Can I Get a Mortgage During an IVA?
As the vast majority of Individual Voluntary Arrangements last for between 5 and 6 years, a lot can happen during that period. Life has a habit of carrying on, come what may and 6 years is a long time to wait for your IVA to clear from your credit file.
The question has to be, is it possible to get a mortgage whilst you’re still in an IVA?
It is possible, but it is difficult and you will have to meet quite certain requirements and affordability criteria, but it is possible. The reason for the difficulty is that if you’ve arrived at a position where you need an IVA, your credit rating is going to be poor and poor credit ratings don’t typically end up in successful mortgage applications.
Most find it better to wait until the IVA is complete and dropped off your credit file, 6 years after the start date. See our Mortgage after an IVA page.
Whilst the previous statement is true in most cases, the result can be different if you approach a specialist broker who has access to special deals that are geared towards people with an imperfect credit status.

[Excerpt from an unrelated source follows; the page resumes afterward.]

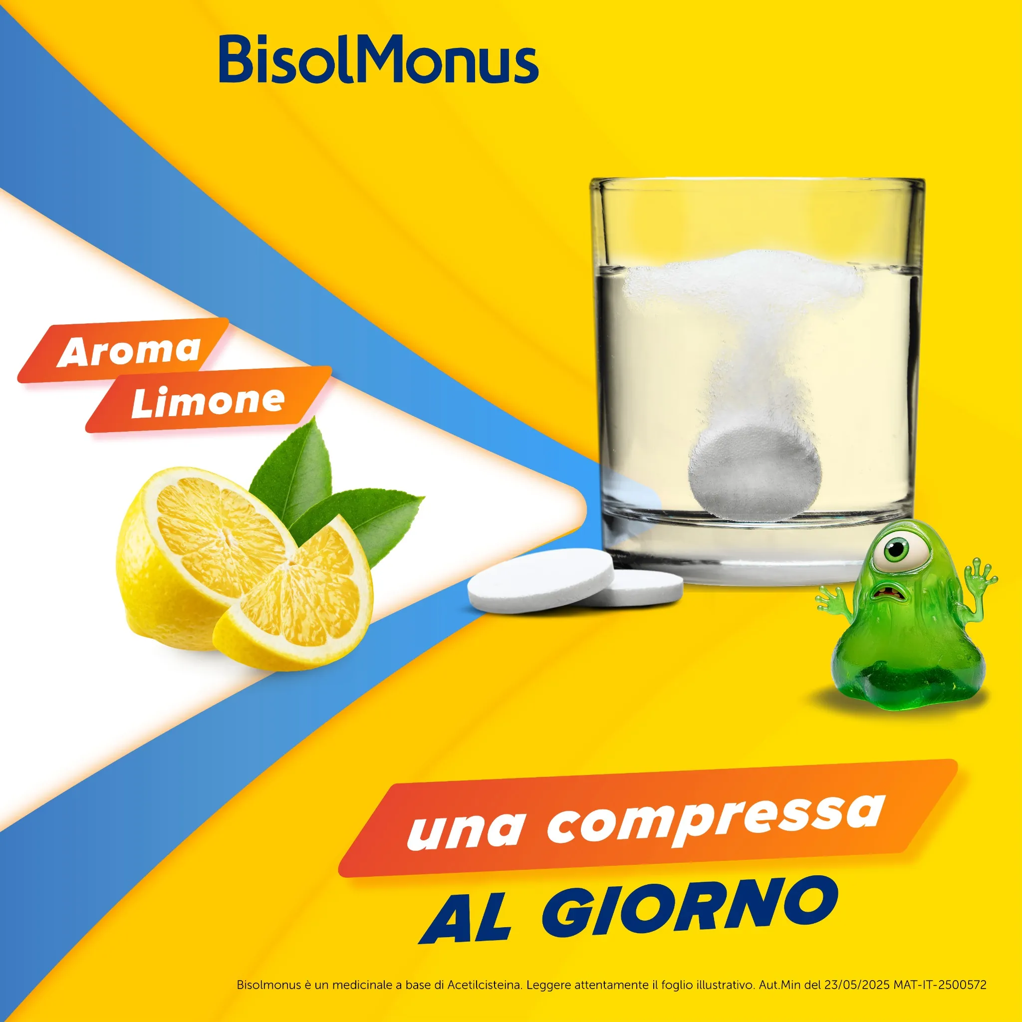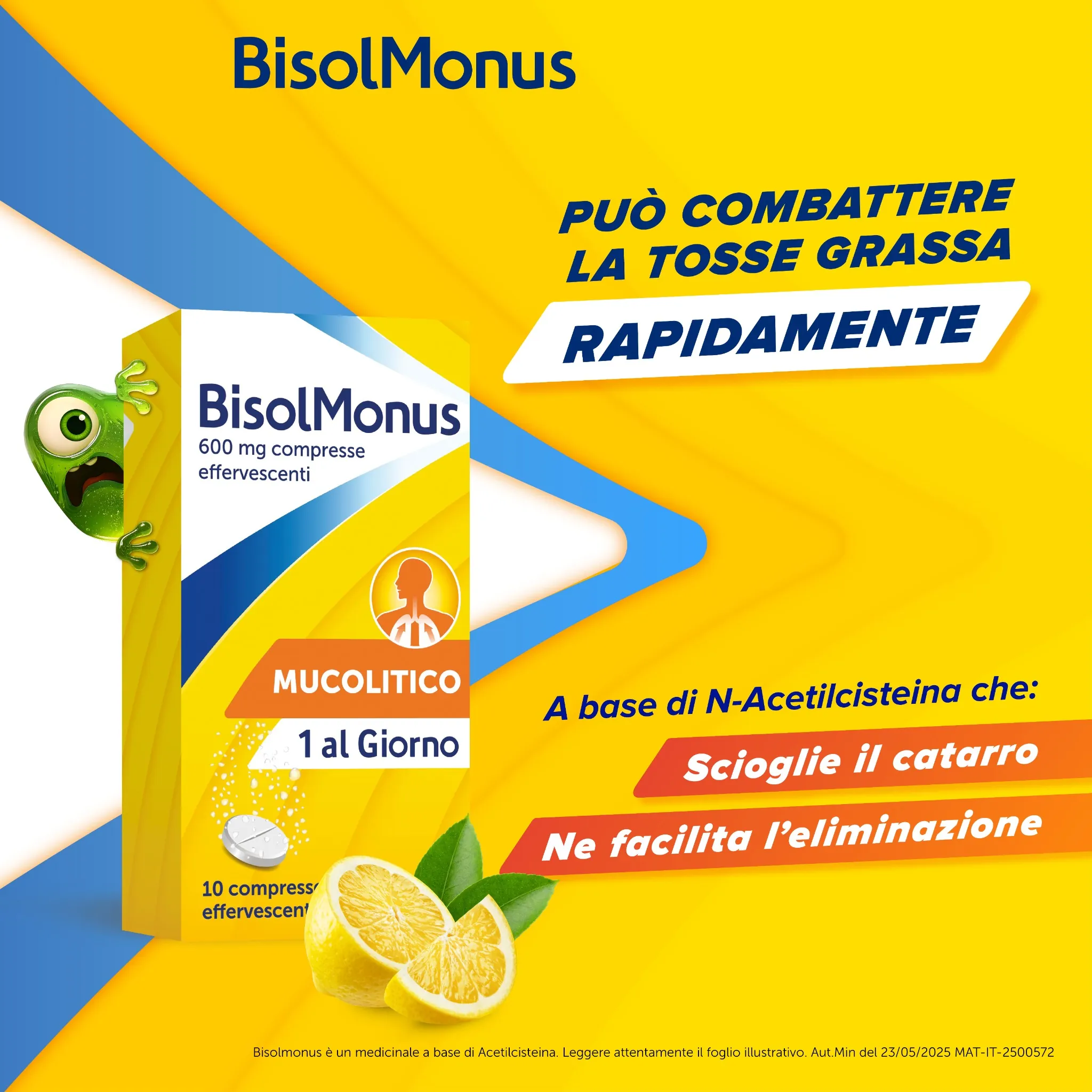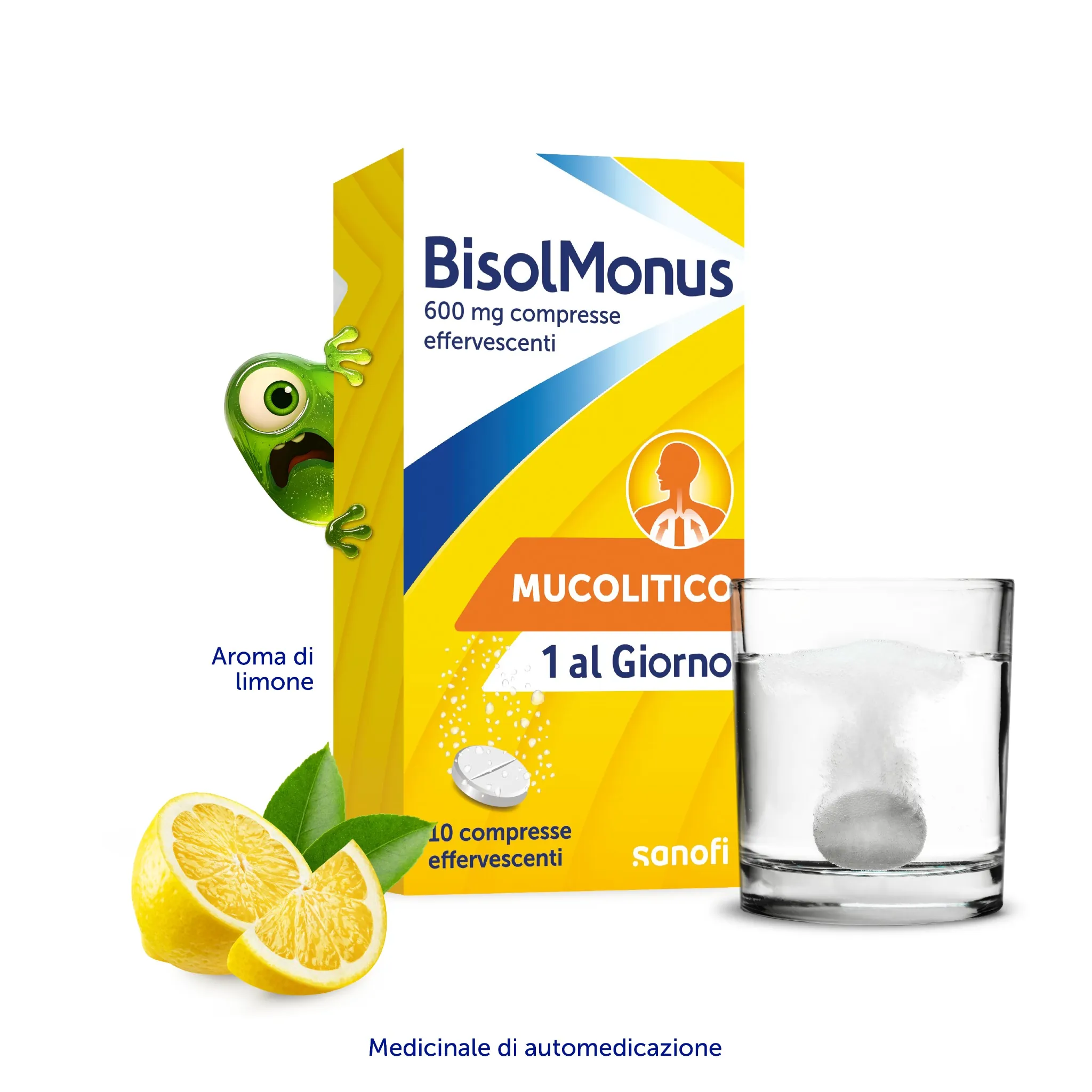 Bisolmonus è un pratico rimedio contro la tosse grassa, disponibile in una confezione di 10 compresse effervescenti al piacevole aroma di limone.

It’s true that applying for a mortgage when you’re in an IVA via traditional routes is something of a pointless task, as they only look at your income and your credit rating, but bad credit mortgage criteria will be much broader and flexible.
If you can prove affordability, there’s a chance that you could be approved even whilst you’re in an IVA, but we’re not going to lie, lenders do prefer applications where the IVA has been satisfied and is no longer showing on your credit file, but mortgages during IVAs are not unheard of.
It will probably require a significantly higher deposit than if you were not still in your IVA and the rates available to you will likely be higher, but it is possible.
One factor that could put a stop to your mortgage dreams whilst still in an IVA is your Insolvency Practitioner (IP), who might not agree with you borrowing before the end of your arrangement. If you go ahead with it without their agreement, it could mean your IVA fails.
That’s not to say that they won’t agree, but most usually this is only allowed in an IVA remortgage situation where you’re releasing equity from your existing property to free up a lump sum to pay off your IVA in full.
Where first time buyers are concerned, an instance where your IP might agree to your move of buying a home is when your overall monthly expenditure falls. Rental prices are typically a good deal higher than mortgage repayments, so it could actually be a good move for your creditors too, even though you’re borrowing again before your IVA has finished.